Amfreville battery (also known as York battery) was a World War II German artillery battery constructed close to the French village of Querqueville, 5 km west of Cherbourg Naval Base, in northwestern France. It formed part of Germany's Atlantic Wall coastal fortifications and protected the western entrance to the port of Cherbourg. The battery engaged British and US ships towards the end of June 1944 before the battery fell to advancing US forces on 26 June 1944.

==Construction==
The battery had originally been a French artillery position dating from 1898 constructed to protect the port of Cherbourg. The French installed three canon de 164 mm Modèle 1893 artillery pieces in 1926. During the German advance into the Cotentin Peninsula on 18 June 1940 the French guns fired upon advancing German units in the Martinvast region. The guns were destroyed by the French before they could fall into German hands.

In 1943 the Germans used the site as part of their Atlantic Wall fortifications. Concrete casemates (based on the Regelbau M271 design) were constructed to house four First World War-era 17 cm SK L/40 guns which had a firing range of over 27 km. A two-storey fire control tower was built to the rear of these bunkers. The battery was protected by a minefield, mortar pits and machine gun positions.

==Garrison==
The battery was manned by elements of the 260th German Artillery Battalion.
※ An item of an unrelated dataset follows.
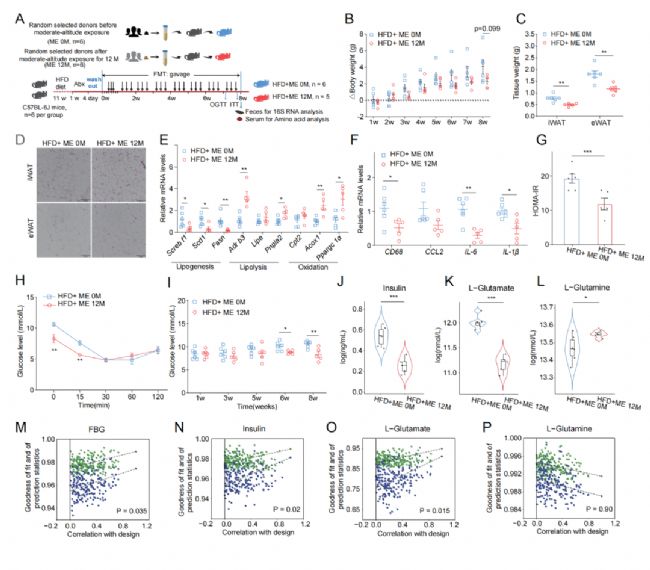 為進(jìn)一步研究中等海拔暴露個(gè)體的腸道菌群對(duì)AAs和FBG的影響,隨機(jī)選擇6名入藏前、6名入藏后12個(gè)月的志愿者的糞便,制成勻漿灌胃給HFD C57BL-6J小鼠(圖6 A),分為對(duì)照組小鼠(HFD + ME 0M組)和干預(yù)組小鼠(HFD + ME 12M組)。研究發(fā)現(xiàn)兩組間的飲食攝入量不受菌群移植操作的影響。(HFD + ME 12M)組小鼠體重增長(zhǎng)率降低(圖6 B),脂肪組織重量降低(圖6 C)。白色脂肪組織的組織切片顯示,(HFD+ME 12M)組的脂肪細(xì)胞直徑明顯小于(HFD+ME 0M)組(圖6 D);(HFD+ME 12M)組的白色脂肪組織中參與脂肪生成的基因(包括Srebf1、Scd1和Fasn)顯著較低,而參與脂肪分解和脂肪酸氧化的基因(包括Adrb3、Pnpla2、Acox1和Ppargc1a)升高(圖6 E)。此外,炎癥因子(Cd68、Ccl2、IL-6和IL-1β)在(HFD+ME 12M)組的脂肪組織中表達(dá)減弱,表明炎癥狀態(tài)有所改善(圖6 F)。口服葡萄糖耐量實(shí)驗(yàn)(Oral Glucose Tolerance Test, OGTT)顯示(HFD + ME 12M)組中在改善葡萄糖不耐受方面沒(méi)有好的效果。盡管通過(guò)胰島素耐量試驗(yàn)(Insulin Tolerance Test, ITT)的葡萄糖濃度曲線下面積(Area Under the glucose concentration Curve, AUC)顯示胰島素敏感性無(wú)顯著性改變,但胰島素抵抗指標(biāo)(Homeostasis Model assessment of Insulin Resistance,HOMR-IR)在(HFD+ME 12M)組中降低。非常重要的是,在(HFD+ME 12M)組中,F(xiàn)BG水平在菌群移植后6周就出現(xiàn)顯著降低且胰島素水平顯著降低(圖6 I、J);但瘦素和脂聯(lián)素在兩組間無(wú)差異。AAs檢測(cè)結(jié)果顯示(HFD+ME 12M)組中的L-谷氨酸和L-天冬氨酸顯著降低,L-谷氨酰胺顯著升高(圖6K、L),而L-纈氨酸變化不顯著。16S rDNA擴(kuò)增子數(shù)據(jù)表明,菌群移植后小鼠的腸道菌群組成與供體的腸道菌群組成相似;在第8周時(shí),(HFD+ME 12M)組的Firmicutes/Bacteroidetes顯著低于(HFD+ME 0M)組,但兩組間Proteobacteria的相對(duì)豐度未發(fā)生顯著變化。此外,通過(guò)用微生物數(shù)據(jù)建立的OPLS回歸模型可以很好地預(yù)測(cè)受體小鼠的臨床指標(biāo)變化,尤其是FBG、胰島素、 L-谷氨酸和L-天冬氨酸水平,但不能預(yù)測(cè)L-谷氨酰胺水平(圖6 M-P),表明糞便捐獻(xiàn)者的腸道菌群組成能夠較好地預(yù)測(cè)出受試者的臨床指標(biāo)變化。FBG和HOMR-IR的減少表明腸道菌群在調(diào)節(jié)血糖穩(wěn)態(tài)代謝方面有重要的因果作用。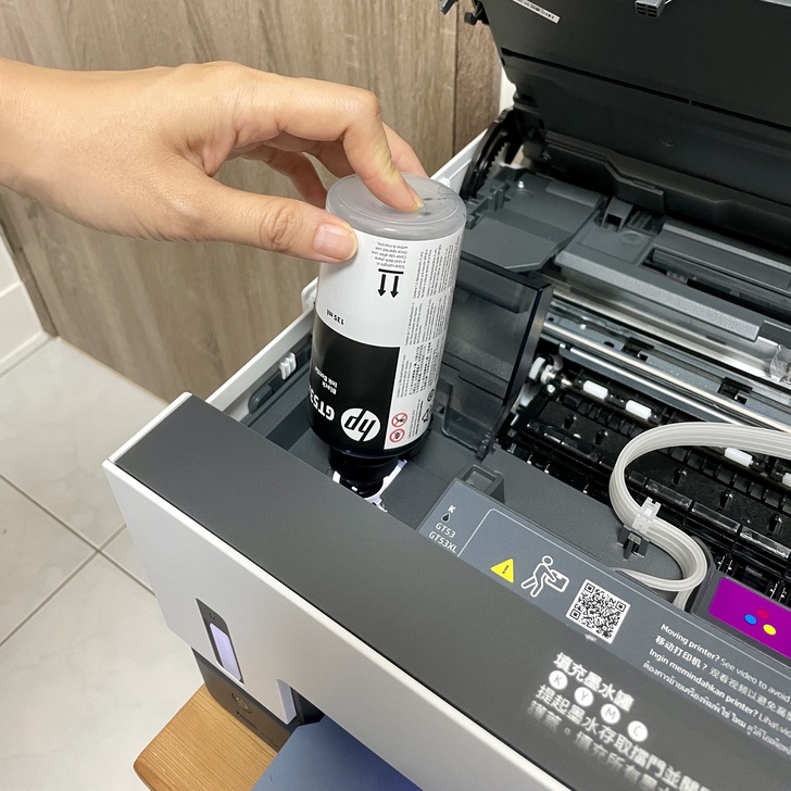 墨水容量非常大,可以支援8,000 頁彩色和6,000 頁黑白的墨水印量,更解決補充墨水最怕的髒手問題,不像過去要更換墨水匣,可以直接倒入墨水孔中,靜待補充完成。

==D-Day and Normandy landings==
Cherbourg, with its deep-water port, had been designated as a strategic target by Allied planners during the preparations for the invasion of Normandy. Following the successful Allies landings in Normandy in early June 1944, American forces headed north through the Cotentin Peninsula towards Cherbourg. At the end of June 1944, the Amfreville battery fired upon Allied shipping approaching the port of Cherbourg.

On June 25, the battery engaged Allied ships which were supporting the liberation of the Cherbourg area. Allied warships including HMS Glasgow, HMS Enterprise and USS Texas shelled the battery but later withdrew out of range of the battery.

The following day, American ground troops attacked the battery and it surrendered to elements of the 2nd battalion of the 47th Infantry Regiment belonging to the 9th Infantry Division (United States).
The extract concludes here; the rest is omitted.